# Can a lovebird marry a cockatiel?



## Raghad (Aug 29, 2012)

cuz i have a lovebird and a cockatiel living in the same cage since they were a month and now they r 2 years old but i think the lovebird love the cockatiel although the cockatiel dont that much..the cockatiel hiss when he sees the lovebird and trys to make him go by hitting him (not hard at all) but she sometimes let him scratch her head..anyways whenever i take the cockatiel out,the lovebird doesnt stop calling the cockatiel until i put it back and i think it wants to marry her lol so is it ok?? wont it affect their health? im so worried
thanks for ur time


----------



## bjknight93 (Nov 13, 2011)

It would really be ideal for them to live separately, especially since there are mixed emotions in that birdie relationship. Take a look here: 
http://talkcockatiels.com/showthread.php?t=27104 

The cockatiel in this sticky had its toe almost bitten completely off by a lovebird:
http://talkcockatiels.com/showthread.php?t=32917

I'm not sure what you are talking about them marrying, but lovebirds and cockatiels generally don't get along very well. It is even dangerous to let hang out together, so your birds living together is a very high safety risk. 

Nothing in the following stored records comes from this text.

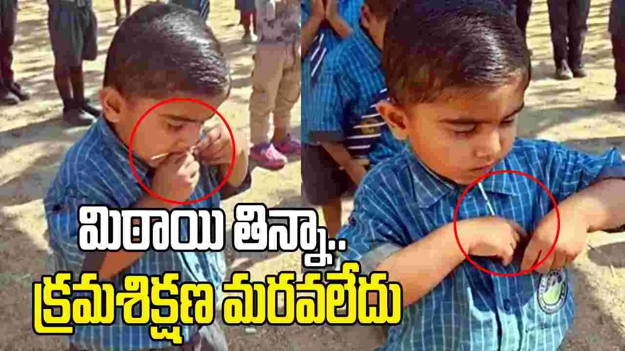 వైరల్ అవుతున్న వీడియోలో.. ఒక పాఠశాల పిల్లలు ప్రార్థన చేస్తున్నారు. ఆ సమయంలో ఒక బాలుడి జేబులో నుంచి మిఠాయి తీసి మెల్లిగా తిన్నాడు. ఆ సమయంలో చిన్నారి ప్రార్థన కొనసాగిస్తూ కళ్లు తెరవలేదు. మరో పిల్లవాడు అతన్ని చూస్తూ ఉండిపోయాడు. మిఠాయి తిన్న తర్వాత, చిన్నారి ఆ మిఠాయి పుల్లను తిరిగి తన జేబులో పెట్టుకుని మళ్లీ చేతులు జోడిస్తూ ప్రార్థన చేస్తుంటాడు. కానీ, అప్పటికే ప్రార్థన ముగిసిపోతుంది. ఆ సమయంలో బాలుడి అమాయకత్వం, ప్రార్థనపై భక్తి, పర్యావరణంపై శ్రద్ధ చూస్తుంటే ఎంతో ముచ్చటేస్తోంది.
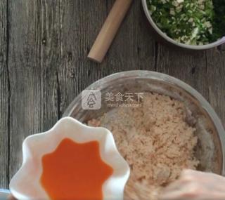 9. 剩下的汁倒猪肉里面,放盐、油、鱼露一起搅拌,沿一个方向不断搅拌,这样肉可以锁水。
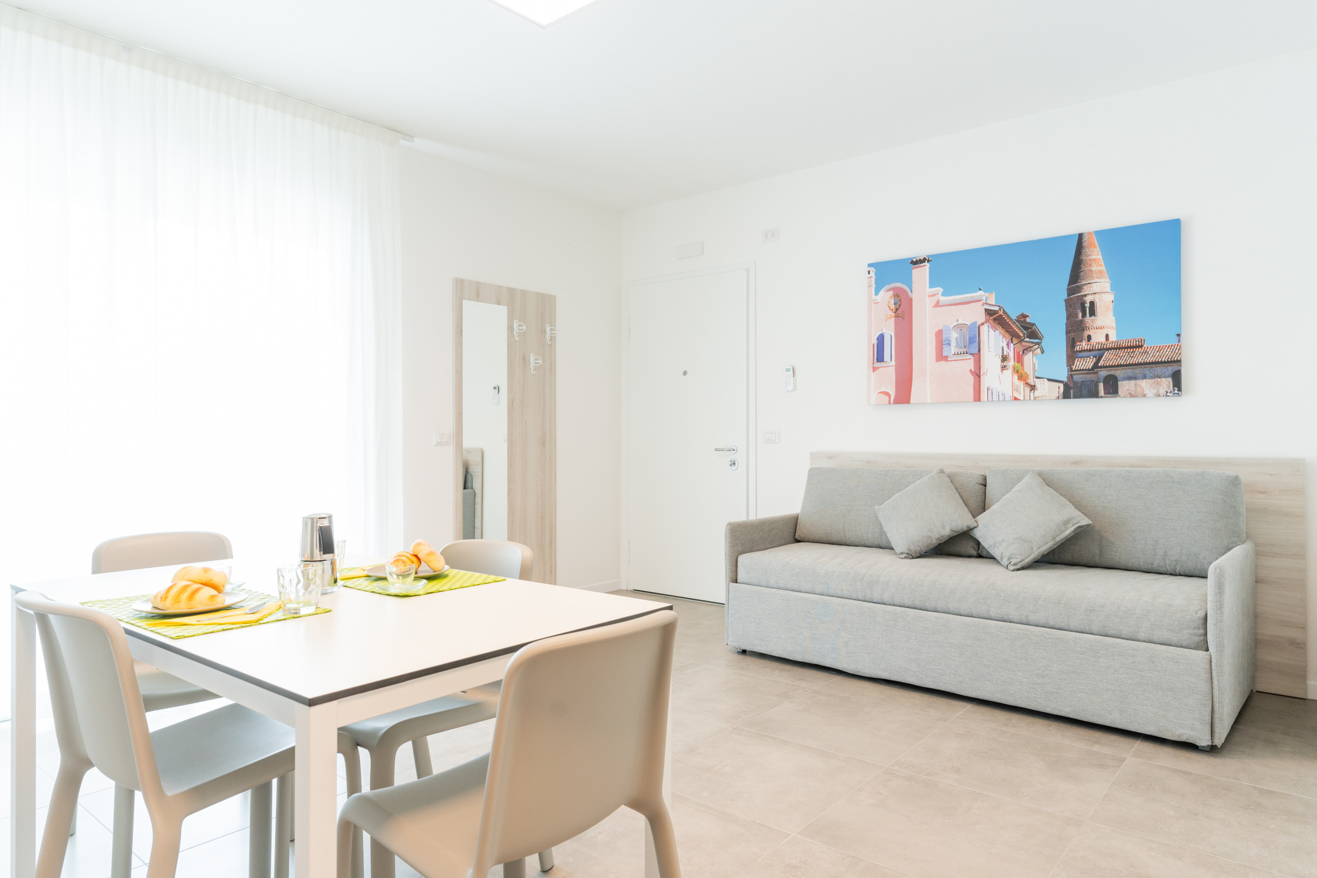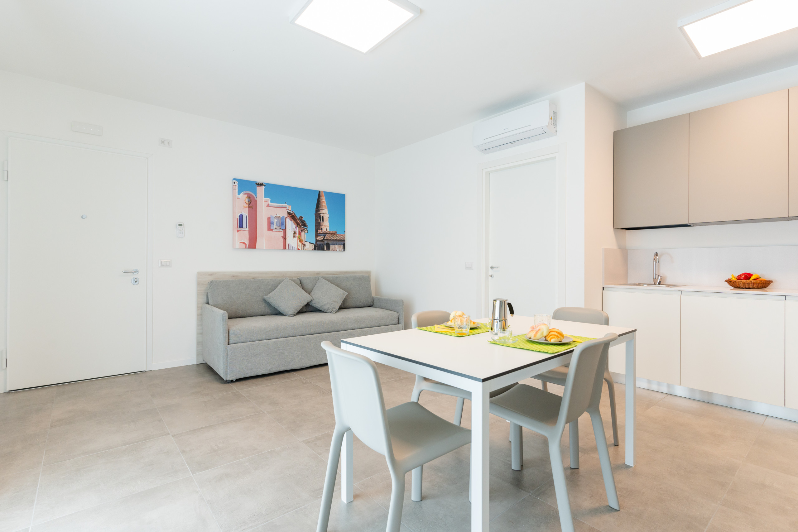 Gli appartamenti bilocali al piano terra (55 mq) sono perfetti per ospitare fino a 5 persone. Hanno tutti un giardinetto privato arredato con tavolo e sedie e si affacciano sulla piscina, sul viale o sull’area parcheggio. Dentro troverai spazi comodi e ben organizzati: soggiorno con angolo cottura e divano letto matrimoniale alla francese, una camera con letto matrimoniale più un letto singolo, bagno con box doccia e tutti i comfort di cui hai bisogno.

In this case, since they have a flock bond it would be best for them to have separate cages but to have the cages sat next to each other so they can interact and see each other through the bars.


----------



## moonchild (Jul 29, 2012)

It doesn't seem like the cockatiel likes the lovebird very much, and it could one day result in injury to the tiel. Even if it doesn't, the cockatiel must be very stressed having to deal with this obnoxious, pushy roommate violating its personal space. I would separate them. They could still have supervised out of cage time together, but they would each have their own space too. Another option would be to move them to separate rooms and get the lovebird a friend of its own species since it obviously craves avian companionship.


----------



## tielfan (Aug 31, 2008)

It's possible for birds of different species to form a pair bond, but lovebirds are too unrelated to cockatiels for them to actually make babies together. In your case, it's possible that the lovebird wants to pair-bond with the cockatiel, but the cockatiel definitely doesn't want it, and this could lead to dangerous fighting.


----------



## bjknight93 (Nov 13, 2011)

Also, lovebirds are cage territorial..so introducing a new bird would not make things any better. It really is best that you get a second cage for one of the birds to live in. 

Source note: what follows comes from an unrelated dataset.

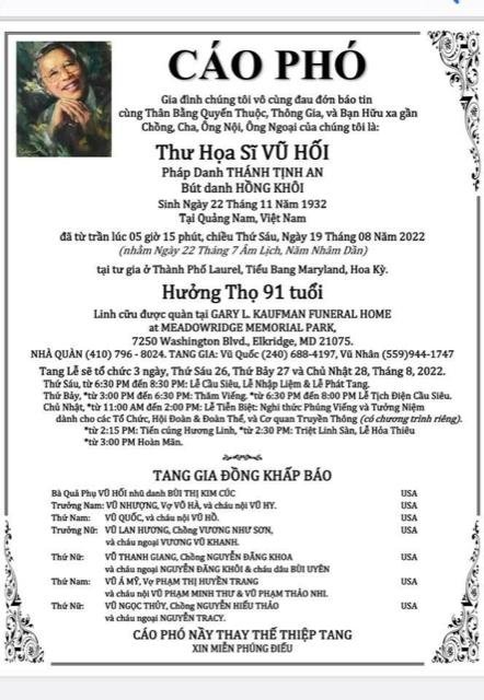 vừa từ trần vào ngày 19 tháng 8 năm 2022 tại Maryland, Hoa Kỳ
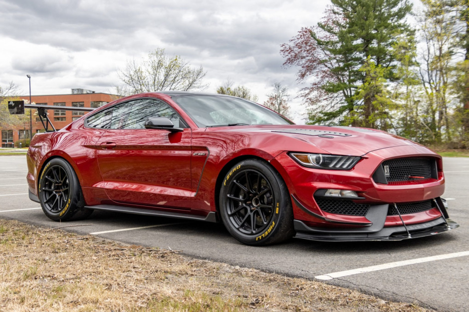 This 2018 Ford Mustang Shelby GT350 was purchased new by the seller from M & M Ford in Epsom, New Hampshire, and subsequently modified for track use. The car is finished in Ruby Red Metallic and is powered by a replacement 5.2-liter V8 paired with a six-speed manual transmission and a limited-slip differential. Modifications include 18″ Forgeline wheels, Ford Performance suspension parts, a four-point roll bar, Cobra racing seats, Schroth six-point harnesses, a custom 3″ exhaust system, and…

DallyTsuka has 2 lovebirds..they are brother and sister and have to be caged separately because not even they (birds who have been together since they hatched) get along well enough. Lovebirds want their own space and their own cage and they do not like to share it or their other personal belongings with other birds.

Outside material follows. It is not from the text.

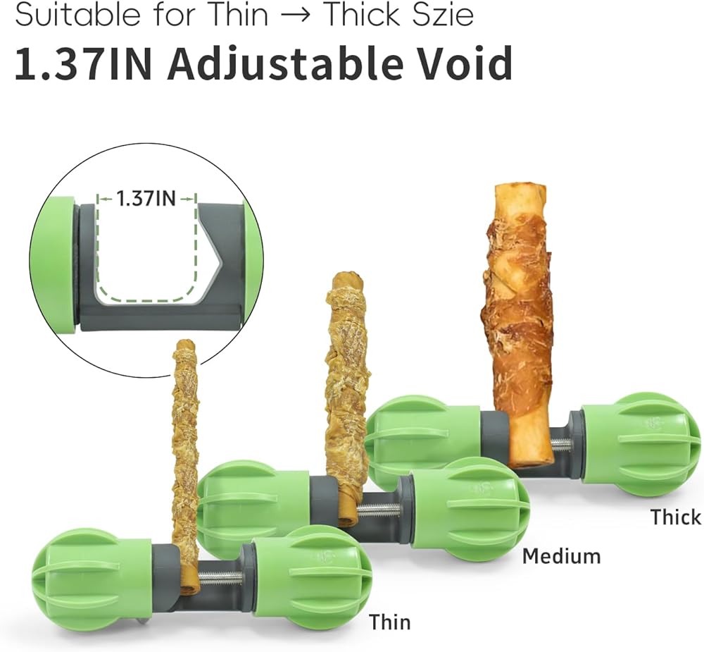 【أمان معزز】: تم تصميم الحامل الخاص بنا ليمسك الجزء الأخير من عصي أو عظام الفتوة بشكل آمن، مما يمنع كلبك من ابتلاعه ويقلل من خطر مخاطر الاختناق.

And even though this does not sound like your lovebird, it is very possible for your lovebird to get upset over the cockatiel not responding to it and then go after it. My bird Luna does this to the female birds when they don't pay him any attention.


----------



## MeanneyFids (Aug 24, 2010)

i have to agree that it is a dangerous situation and needs to be separated. they may seem to be ok now, but all it takes is one argument and you can lose your cockatiel. not worth risking your tiel's life.


----------